Se uma pedra nasce assim,
Como será o seu fim?
O vento batendo-lhe no rosto,
Fá-la não ter posto.
Enquanto eu tenho desgosto,
No andar a contra gosto.

A pedra nasce com sorte,
E eu, com sofrimento,
Até que me leve a morte
Num derradeiro padecimento.

Autor: Felix Rodrigues. Fonte: Blog "desambientado"


Boas Leituras
José Rocha

Referâncias:
- Brilha, J., (2005), Património Geológico e Geoconservação - A conservação da Natureza na sua vertente geológica. Palimage Editores, Viseu. ISBN 972-8575-90-4
- Lobo, J. e Novo, B. (2006), A''Vida'' das Rochas, as Pedras Parideiras. Artigo no âmbito da colaboração Visionarium/ Ciência Hoje, editado a 09/02/2006. On-line em http://www.cienciahoje.pt/index.php?oid=2345&op=all
- Sharples, C., (2002), CONCEPTS AND PRINCIPLES OF GEOCONSERVATION. Published electronically on the Tasmanian Parks & Wildlife Service website. Austrália.
- Tourtellot, J., (2011), UNESCO’s Geoparks “Clarify” Geotourism. National Geographic Magazine. artigo on-line em http://newswatch.nationalgeographic.com/2011/11/16/unesco’s-“geoparks”-embrace-geotourism/
- http://geologia.aroucanet.com, consultado a 09/05
- http://pt.wikipedia.org/wiki/Pedra_parideira, consultado a 08/05
- www.geoparquearouca.com/?p=home, consultado a 08/05

[1] Biotite é um mineral (silicato) ferromagnesiano, negro ou muito escuro, do grupo das micas, com clivagem muito bem definida e comum nos granitos.

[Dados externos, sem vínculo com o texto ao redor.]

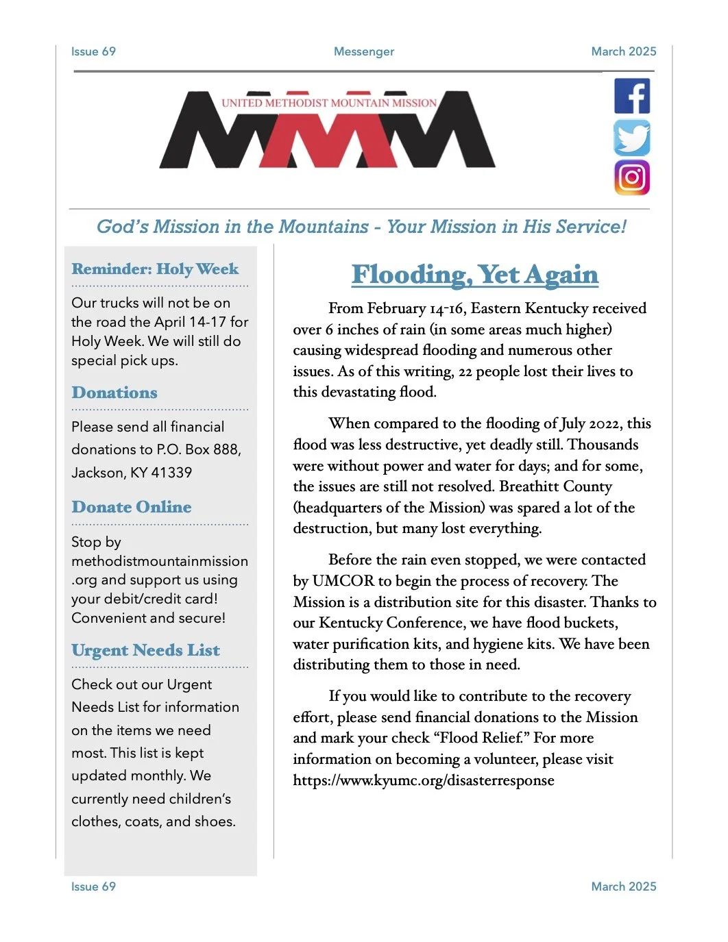 God’s Mission in the Mountains…Your Mission in His Service Newsletter Urgent Needs List 2026 Truck Schedule

A sua fórmula química relativamente complexa não faz justiça à sua beleza (K(Mg,Fe)3(OH,F)2(Al,Fe)Si3O10).
[2] Milhão de anos.
[3]Derivado do Manto, camada que em geodinâmica interna se situa por baixo da crosta terrestre e superiormente ao núcleo.
[4] Processo inicial da sedimentogénese, onde uma rocha começa a ser degradada pelos agentes mecânicos e químicos do meio, com a resultante desagregação e posterior erosão.
[5] Fenómeno de aumento do volume da água por congelamento dentro de fendas pré-formadas, com o consequente efeito de "cunha" e desagregação da rocha já fragilizada. 
[6]Fenómeno que resulta na degradação lenta das camadas superficiais de rocha derivadas da alternância entre períodos de calor e frio.
[7] Como as rochas são em geral agregados poliminerálicos, e devido ao facto de cada mineral apresentar diferentes valores de coeficiente de dilatação, surgem diferentes velocidades de expansão e contracção. As partes mais externas das rochas, sujeitas a fortes amplitudes térmicas diurnas vão-se fracturando.